As mudanças na visão do sistema de ensino são situadas num contexto de transformações do capitalismo que se tornaram mais palpáveis a partir dos anos 1980, tais como a globalização das trocas comerciais, financeirização das economias, desobrigação do Estado, privatização de empresas públicas, transformações dos serviços públicos em quase empresas em várias parte do mundo, emergência do individualismo como valor social etc. Nessa conjuntura, as teorias do capital humano ocupam uma posição central na mutação da concepção de ensino. A perspectiva teórica individualista de Gary Becker, ganhador do Nobel de Economia em 1992, concebeu o capital humano como um bem privado que proporciona um retorno ao indivíduo ao longo da vida, com vista a aumentar sua produtividade no trabalho, sua renda e suas vantagens sociais. Em função de sua posição acadêmica, Becker contribuiu para a difusão do conceito de capital humano. A OCDE também ocupou uma posição destacada na disseminação mundial desta noção, salientando que o capital humano reúne tanto as qualificações adquiridas no sistema de ensino quanto as competências individuais, tais como maneiras de ser e pensar, capacidade de relacionamentos, criatividade, aptidão para resolver problemas, aprender a reciclar-se, ou seja, o atributo de determinados comportamentos associados ao “espírito das empresas” que podem ser transpostos para o mercado de trabalho. Dessa forma, a noção de capital humano, além de assimilar a educação como um bem privado, contribui também para a formação de uma sociedade constituída por indivíduos que têm como meta de vida maximizar seus interesses particulares.

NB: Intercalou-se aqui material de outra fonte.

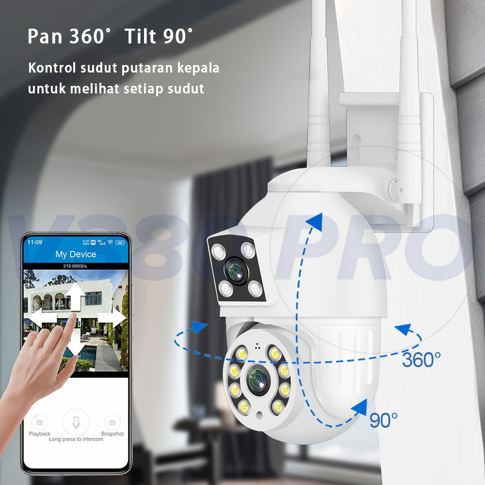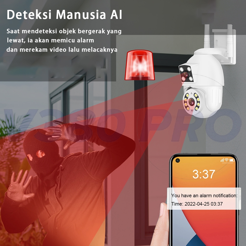 V380 Pro Kamera CCTV 8MP Lensa Ganda Layar Ganda Ai Kamera Pengintai Luar Ran Nirkabel Pelacakan
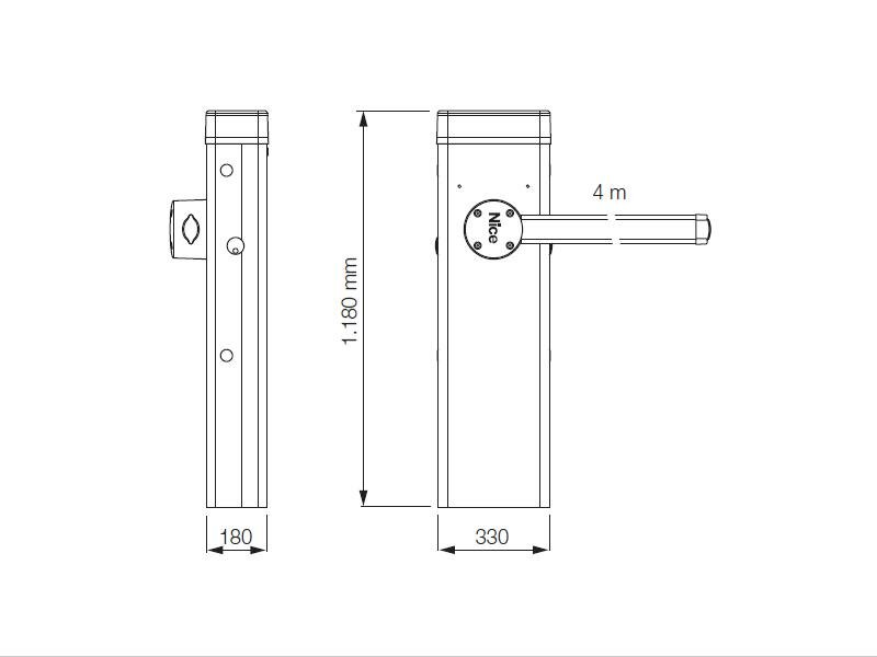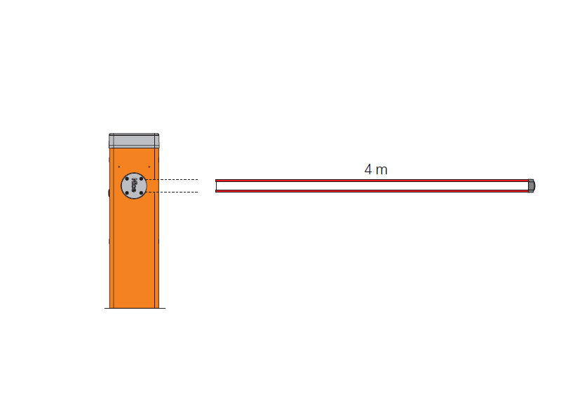 Sada rychlé elektromechanické závory pro intenzivní provoz s ramenem 4m. Závora je určena pro privátní, veřejné a průmyslové vjezdy. Disponuje možností plynule nastavit rychlost zdvihu a citlivost antinárazového zařízení. Skříň závory je vyrobena z pozinkované oceli, která je galvanicky zinkována s komaxitovým nástřikem.

O livro destaca que apesar de o discurso oficial de diversos governos enfatizar a educação como uma condição relevante no progresso econômico e social, é possível constatar a corrosão dos fundamentos e finalidades de uma instituição que até pouco tempo atrás se dedicava à transmissão da cultura e à reprodução de referenciais sociais e simbólicos da sociedade. Os objetivos “clássicos” da educação comprometidos com a emancipação política e com o desenvolvimento pessoal assumidos por instituições escolares em diversos países têm sido substituídos por uma outra concepção que privilegia a subordinação da produção do conhecimento a finalidades econômicas. Visando estreitar a relação entre universidades e empresas, a lei sobre pesquisa e inovação formulada por Claude Alegre em 1999 – ministro da Educação do governo socialista de Lionel Jospin – procurou facilitar as relações comerciais entre organismos públicos de pesquisa e empresas privadas. A lei previa também a possibilidade de pesquisadores e professores universitários criarem empresas com sócios do setor privado, sem perder a condição de funcionários públicos, ao contrário do que determinavam os dispositivos legais anteriores, que limitavam as relações entre o servidor público que deixava suas funções para fundar uma empresa. Posteriormente, esta lei foi complementada por uma série de facilidades que possibilitaram aos empresários e pesquisadores do setor privado tornarem-se professores nas universidades públicas.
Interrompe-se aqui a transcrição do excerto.